1011 Commercial vehicle axle beam location

An axle beam suspension must provide two degrees of freedom relative to the chassis which are as follows:

1 Vertical deflection of axle due to static load or dynamic bump and rebound so that both wheels can rise and fall together.

2 Transverse axle twist to permit one wheel to rise while the other one falls at the same time as the vehicle travels over uneven ground.

In addition, the suspension must be able to restrain all other axle movements relative to the chassis and the construction should be such that it is capable of supporting the forces and moments that are imposed between the axle and chassis.

Both vertical axle deflection and transverse axle tilt involve some sort of rotational movement of the restraining and supporting suspension members, be they the springs themselves or separate arm members they must be able to swing about some pivot point.

The two basic methods of providing articulation of suspension members is the pivot pin joint and the ball and socket joint. These joints may either be rigid metal, semi-rigid plastic or flexible rubber, their selection and adoption being determined by the vehicle's operating requirements.

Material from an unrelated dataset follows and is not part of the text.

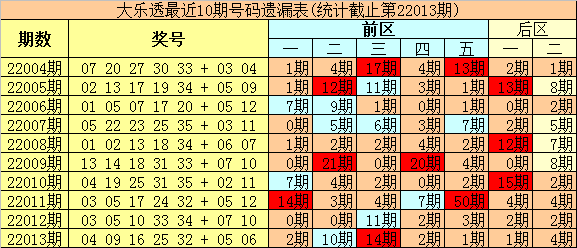 大乐透前区最近10周星期六(第2021138期-第2022013期)奖号频次统计:

To harness the axle so that it is able to transfer accelerating effort from the wheels to the chassis and vice versa, the suspension must have built-in members which can absorb the following forces and moments;

1 vertical forces caused by vehicle laden weight,

2 longitudinal forces caused by tractive and braking effort,

3 transverse forces caused by centrifugal force, side slopes and lateral winds,

4 rotational torque reactions caused by driving and braking efforts.